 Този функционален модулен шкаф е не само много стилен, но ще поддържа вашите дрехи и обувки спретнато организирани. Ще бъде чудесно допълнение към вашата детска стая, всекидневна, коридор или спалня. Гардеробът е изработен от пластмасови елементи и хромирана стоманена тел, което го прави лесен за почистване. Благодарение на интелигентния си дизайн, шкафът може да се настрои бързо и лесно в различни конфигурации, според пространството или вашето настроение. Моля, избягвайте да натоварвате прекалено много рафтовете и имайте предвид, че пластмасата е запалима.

---*---

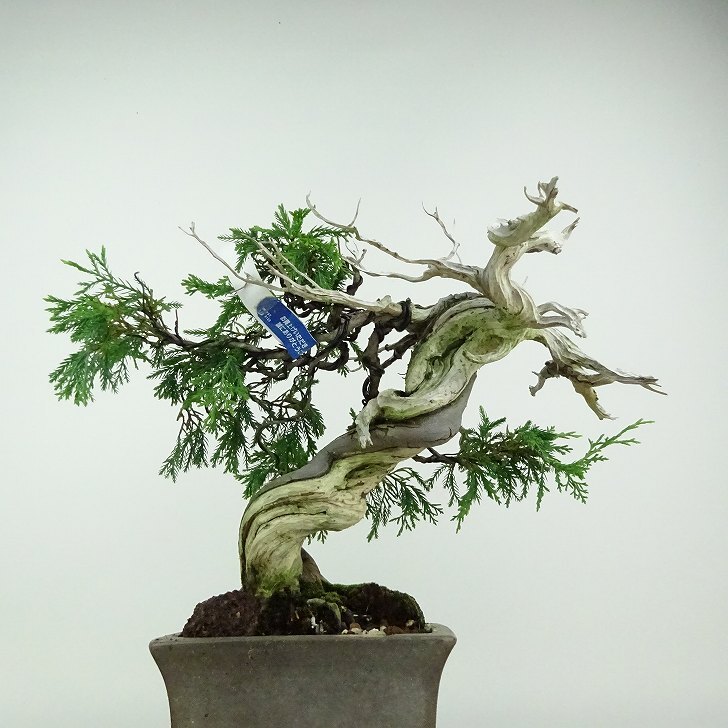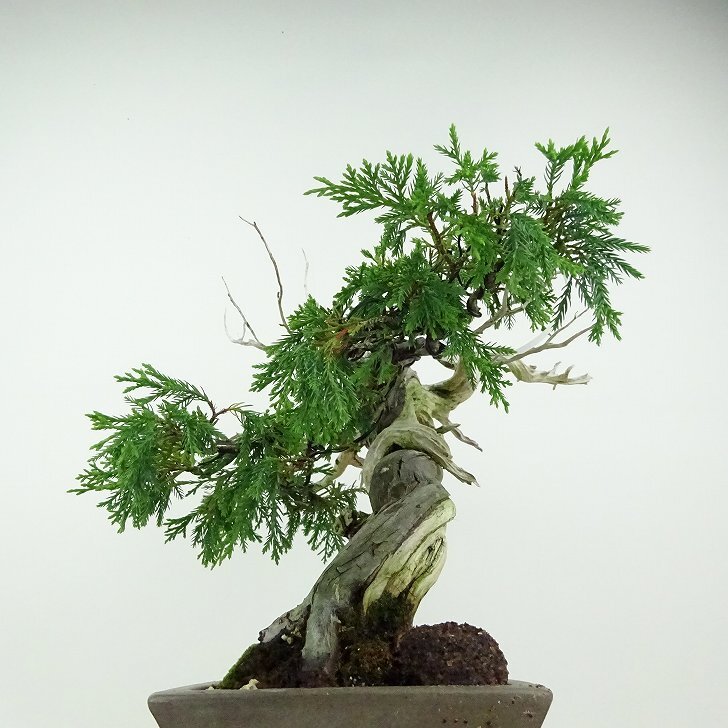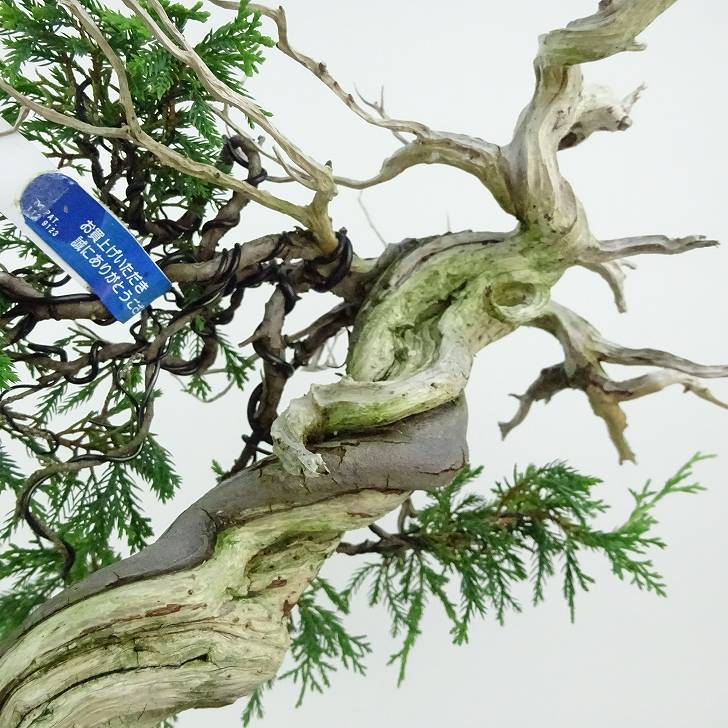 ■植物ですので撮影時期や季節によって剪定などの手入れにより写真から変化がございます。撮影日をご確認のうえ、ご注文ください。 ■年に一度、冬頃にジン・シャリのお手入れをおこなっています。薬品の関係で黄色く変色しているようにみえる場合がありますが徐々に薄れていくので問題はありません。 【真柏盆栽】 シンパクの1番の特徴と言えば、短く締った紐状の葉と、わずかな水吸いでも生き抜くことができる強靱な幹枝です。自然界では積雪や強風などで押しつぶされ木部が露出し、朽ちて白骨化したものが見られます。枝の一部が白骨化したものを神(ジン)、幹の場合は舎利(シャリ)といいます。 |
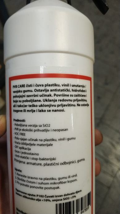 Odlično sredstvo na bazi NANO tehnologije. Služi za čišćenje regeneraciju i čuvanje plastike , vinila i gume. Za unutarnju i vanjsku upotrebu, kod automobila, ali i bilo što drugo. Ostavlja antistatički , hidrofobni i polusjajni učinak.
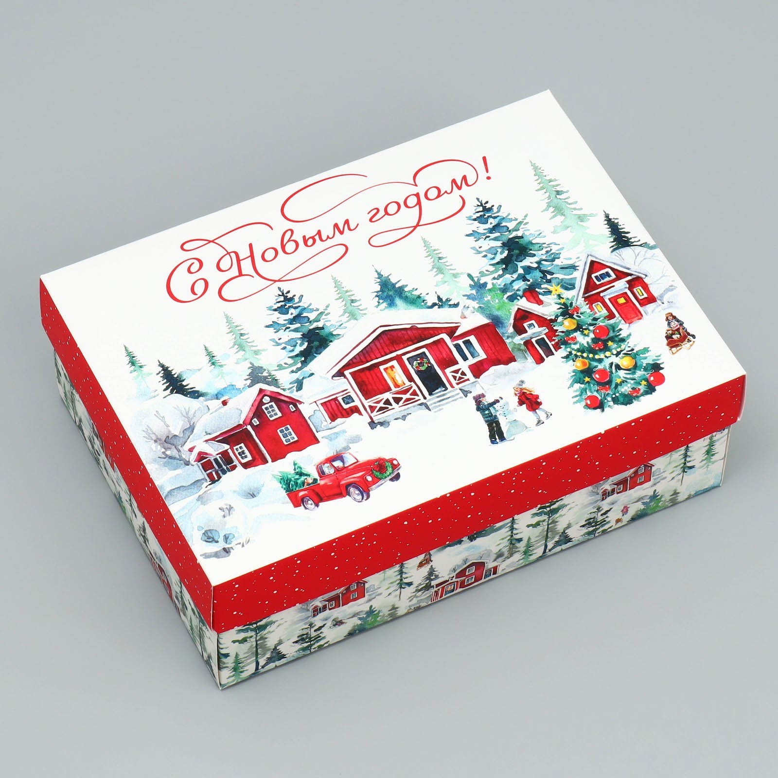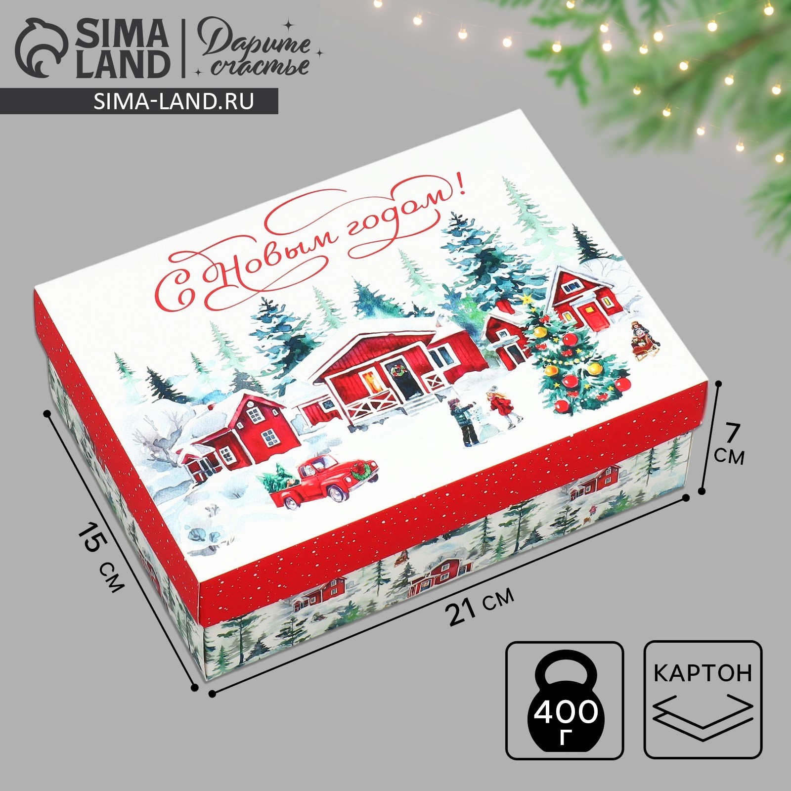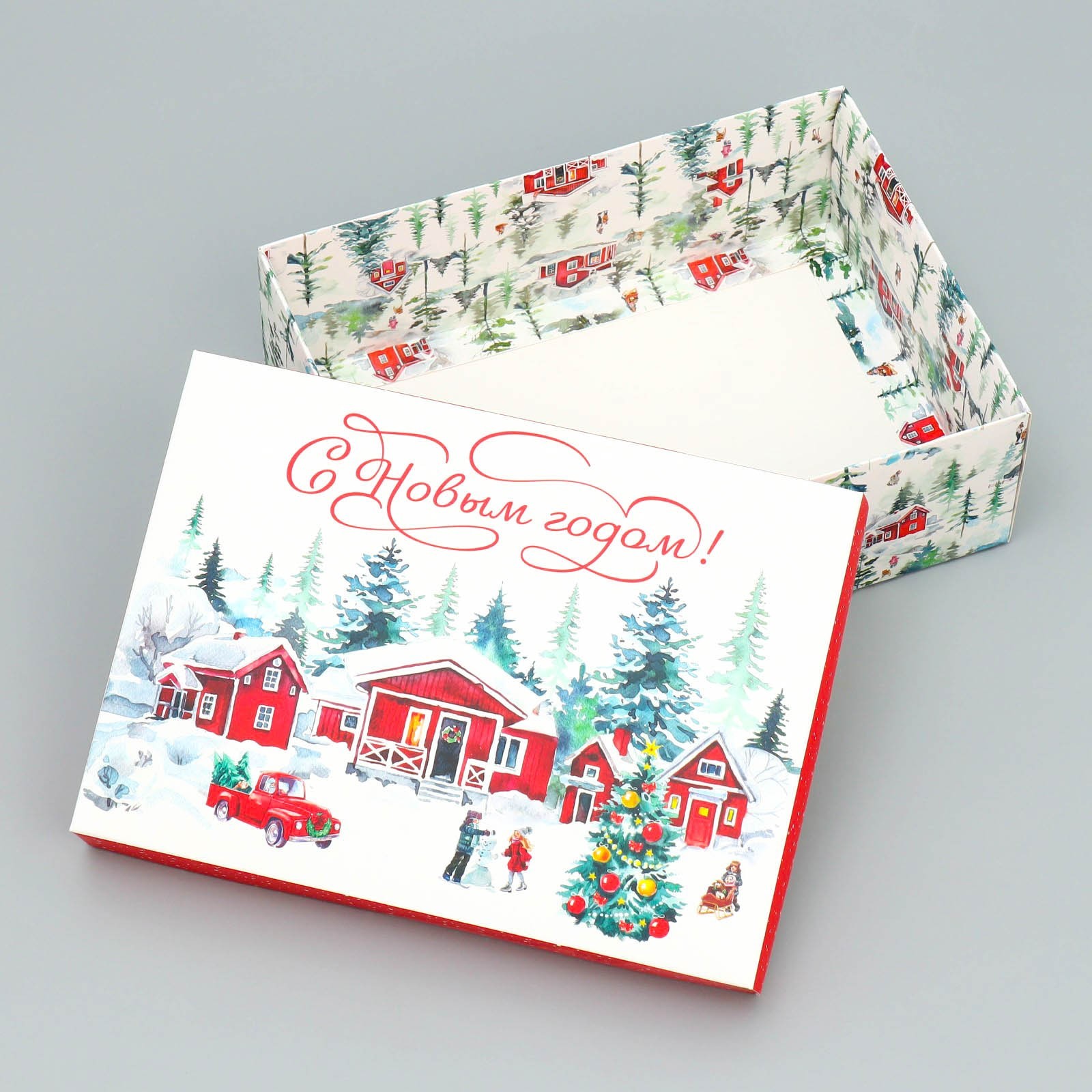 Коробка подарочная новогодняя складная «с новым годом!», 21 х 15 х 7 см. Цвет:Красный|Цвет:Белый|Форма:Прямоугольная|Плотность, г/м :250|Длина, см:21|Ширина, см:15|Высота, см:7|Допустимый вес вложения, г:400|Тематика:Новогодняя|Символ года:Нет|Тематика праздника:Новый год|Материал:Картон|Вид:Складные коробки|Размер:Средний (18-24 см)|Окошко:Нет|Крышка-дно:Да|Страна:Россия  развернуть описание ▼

---*---

**Your goal:**
Taking the records above, print only and exactly the lines from the line with "Odlično sredstvo na" to the line with "Коробка подарочная новогодняя", both kept, and exclude pictures.

**Answer space:**
 Odlično sredstvo na bazi NANO tehnologije. Služi za čišćenje regeneraciju i čuvanje plastike , vinila i gume. Za unutarnju i vanjsku upotrebu, kod automobila, ali i bilo što drugo. Ostavlja antistatički , hidrofobni i polusjajni učinak.
 Коробка подарочная новогодняя складная «с новым годом!», 21 х 15 х 7 см. Цвет:Красный|Цвет:Белый|Форма:Прямоугольная|Плотность, г/м :250|Длина, см:21|Ширина, см:15|Высота, см:7|Допустимый вес вложения, г:400|Тематика:Новогодняя|Символ года:Нет|Тематика праздника:Новый год|Материал:Картон|Вид:Складные коробки|Размер:Средний (18-24 см)|Окошко:Нет|Крышка-дно:Да|Страна:Россия  развернуть описание ▼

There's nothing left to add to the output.